Студенты разошлись по тавернам, поскольку были голодны и возбуждены зрелищем, продолжая спорить до первой кружки пива или стакана вина, которые затмевали разум и предлагали ученикам возрадовать себя шутками и песнями. Джованни попрощался с товарищами, с которыми успел сдружиться за эти три прошедшие седмицы, со вздохом посмотрел в сторону улицы, ведущей к дому Модино де Луцци, мысленно прощаясь с прекрасным человеком, с которым удалось повстречаться на короткое время. Анатом уезжал в Милан, где собирался представить свою книгу. Мигель Мануэль тоже давно ушел домой, не дожидаясь окончания диспута. Джованни заставил себя шагнуть в темноту улицы Равенны, имея перед собой лишь дальние огни над башней святого Виталия. Редкий свет пробивался через ставни домов, в одном месте слышался громкий разговор повздоривших супругов, в другом — голоса родителей, отчитывающих детей за шалости. Темнота ночи давила, обнимала ледяными пальцами до мурашек по всей поверхности кожи. Джованни, несмотря на то, что подбадривал себя смелыми речами, не решался оглянуться. Иногда ему слышались чужие шаги за спиной, и пот струился по щекам, когда казалось, что над ухом кто-то натужно вздыхает. Дорога от башни была еще страшнее: одной рукой приходилось ощупывать кладку стен, а другую выставлять перед собой, чтобы не натолкнуться на что-нибудь или кого-нибудь, затаившегося во тьме. «Я в городе, никого нет, все спят!» — успокаивал Джованни разыгравшееся воображение.
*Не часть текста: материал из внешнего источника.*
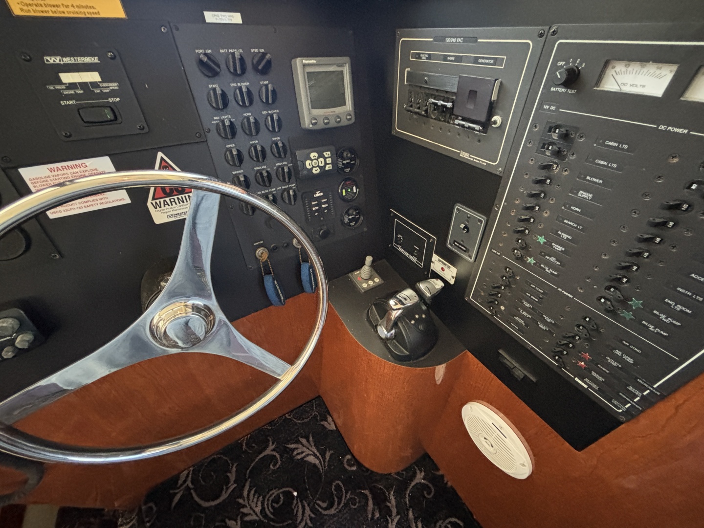 - Helms: Vessel served by 2 helm station each fitted with steering, engine and transmission controls, engine instruments, navigation, and communication
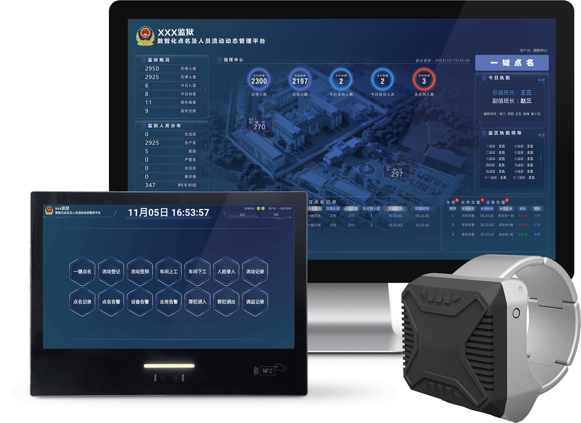监所数智化点名及人员流动动态管控系统由指纹点名胸卡、数据接收基站、人脸点名终端、区域管控屏、标签读写器、IP音柱、信息采集终端、数智化点名及人员流动动态管控平台和数智化点名及人员流动动态管控app组成,通过指纹点名胸卡、人脸点名终端等采集生物指纹或人脸信息上报点名接收基站至服务器平台,做到点名数据可视化,实现点名任务自动下发、点名数据统计、历史查询、未点到异常告警、罪犯流动登记操作等,从而提升监狱管理效率,降低民警工作强度,解放警力。
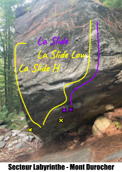 Départ debout en plein milieu du dévers sur les bonnes prises et grimper tout droit
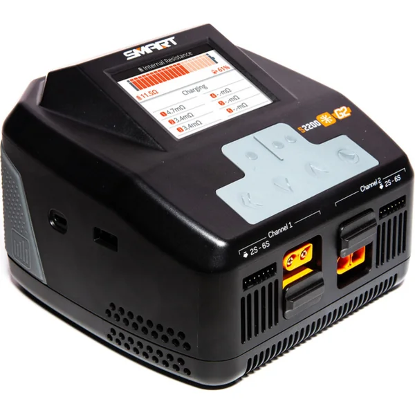 Avec une puissance allant jusqu’à 200 W par sortie ou 380 W sur une seule sortie pour une charge rapide et la capacité de charger des batteries sur des sorties intégrées avec des connecteurs IC3® ou IC5®, le chargeur S2200 offre un moyen polyvalent et véritablement sans tracas de charger. Le chargeur S2200 est universel, charge tous les types de batteries connus et est compatible avec les connecteurs EC3™ et EC5™. Utilisez-le avec les batteries Spektrum Smart G1 ou G2 et vous serez impressionné par sa fonctionnalité incroyable et sa puissance.
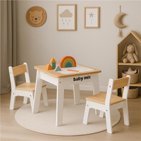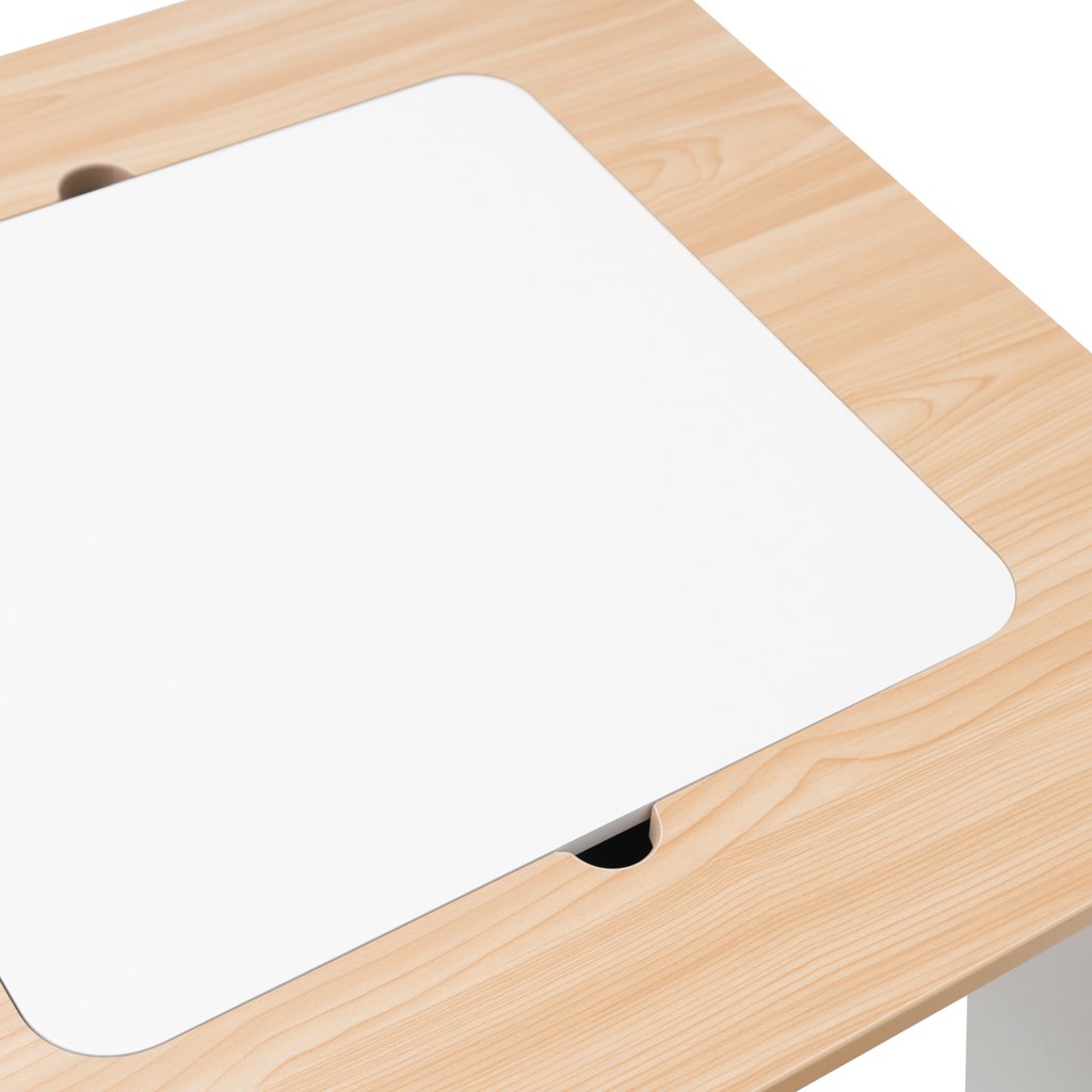 Sestava seta vključuje mizo z dvema stoloma, izdelano iz trpežnega materiala, ki zagotavlja stabilnost in dolgo življenjsko dobo. Miza je opremljena s praktično snemljivo ploščo – pod njo se nahaja prostor za shranjevanje, kamor lahko enostavno skrijete barvice, papirje, drobne igrače ali kocke. Tako imajo otroci potrebne stvari vedno pri roki in hkrati ohranjajo red.

Тело напрягалось, внутренности сводило судорогой, одежда стала мокрой, каждый шорох казался раскатом грома, и мнилось, что тысячи адских демонов следуют по пятам, чтобы наброситься и разорвать на куски, причинив страшные мучения. «Сначала нагнут всей преисподней, потом уже порежут на лоскуты», — засвербил в голове внутренний голос, и стало смешно. Впереди забрезжил свет, флорентиец устремился ему навстречу как ночной мотылёк, и сердце его переполнилось радостью, когда он увидел Халила и Али, сидящих на пороге дома, выставив перед собой несколько лампад.

— Я вас так люблю! — Джованни крепко сжал в объятиях своих друзей.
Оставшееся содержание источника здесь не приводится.